Monday, August 02, 2004

The Rules

I broke the rules today.

I stormed into the hospital shortly after dawn and raised my voice to nurses knowing full well that there would be two results: the nurses would get flustered and start paying attention to Amy, and Amy would become even more upset because she knew I was taking out my frustrations on the wrong people. She's right; the nurses I bullied today were not the ones who had ignored Amy's needs last night, those nurses were gone by the time I could break out of work early and rush to the hospital in what could almost constitute a rage.

None the less, my fuming got Amy some attention. It got us both some answers.

I broke the rules today.

There was a Deacons meeting tonight. I wasn't there. I knew I wouldn't be, I'm too tired and too emotional these days and I knew that my fellow Deacons would take the opportunity to focus on Amy and me. The result would be our situation would dominate the meeting, perhaps to the neglect of others in our church who are also in need.

I know the Deacons still prayed for us and discussed what the church could do.
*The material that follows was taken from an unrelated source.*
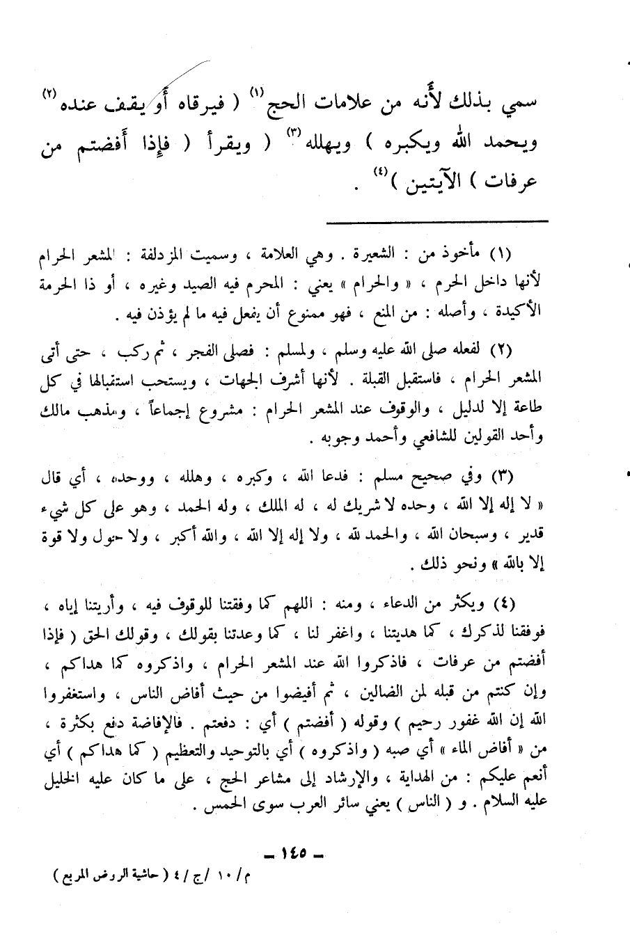 (¬4) ويكثر من الدعاء، ومنه: اللهم كما وفقتنا للوقوف فيه، وأريتنا إياه، فوفقنا لذكرك، كما هديتنا، واغفر لنا، كما وعدتنا بقولك، وقولك الحق {فَإِذَا أَفَضْتُمْ مِنْ عَرَفَاتٍ فَاذْكُرُوا اللهَ عِنْدَ الْمَشْعَرِ الْحَرَامِ وَاذْكُرُوهُ كَمَا هَدَاكُمْ وَإِنْ كُنْتُمْ مِنْ قَبْلِهِ لَمِنَ الضَّالِّينَ * ثُمَّ أَفِيضُوا مِنْ حَيْثُ أَفَاضَ النَّاسُ وَاسْتَغْفِرُوا اللهَ إِنَّ اللهَ غَفُورٌ رَحِيمٌ *} وقوله: {أَفَضْتُمْ} أي: دفعتم، فالإفاضة دفع بكثرة، من «أفاض الماء» أي صبه (واذكروه) أي بالتوحيد والتعظيم (كَمَا هَدَاكُمْ) أي أنعم عليكم: من الهداية، والإرشاد إلى مشاعر الحج، على ما كان عليه الخليل عليه السلام، و {النَّاسُ} يعني سائر العرب سوى الحمس.

I took great comfort in knowing the church is there for us, I simply couldn't be there for it

I broke the rules today.

I finally got a decent nap this afternoon following a rather traumatic morning at the hospital, and woke up determined to get in a good frustration venting walk. It was hot, so I took along a bottle of water. That lasted about a block. It was real hot. Too hot to be walking, much less marching along like a mad man on a mission with hand weights no less. I completed the walk, but I did have to stop when I found a shady spot and sit for about five minutes for fear I might keel over dead.

Still I tired myself out, which I wanted to do...in truth I've been averaging about 2 hours sleep a night lately and it's manifesting itself in many ways.

I broke the rules today.

Upon returning from my walk in a sweaty heap, I immediately went the fridge and slammed down a diet Pepsi. I don't usually drink soft drinks at all, but it was cold and it was good. I then had an ice cream bar I found in the freezer and followed it with another. I haven't treated myself to real ice cream in many many months. Even when on vacation during our almost nightly family excursions to the ice cream shop I restricted myself to frozen yogurt.

I weighed in this afternoon at 179 pounds, less than I weighed in college. I don't think today's backsliding will sabotage my health regimen and considering the various ways I've attempted to escape pain in the past, it's almost laughable to even be discussing a diet Pepsi and frozen heath bar 'bender'.

I broke the rules today.

As I walked I listened to various songs I have on my pocket PC, every so often I change them out, one rule I have is make sure there is a lot of diversity in the song list. Today however there were two versions of "Great Is Thy Faithfulness" that came up back to back. I listened to them both and remembered.

Even in times I am angry or weak, in those times when I make seemingly bad decisions or lapse into self pity and quick fix comforts. I am not alone and despite it all I am truly blessed.

In the end...God rules and He does not break.

Great is Thy faithfulness!
Great is Thy faithfulness!
Morning by morning new mercies I see.
All I have needed Thy hand hath provided;
Great is Thy faithfulness, Lord, unto me!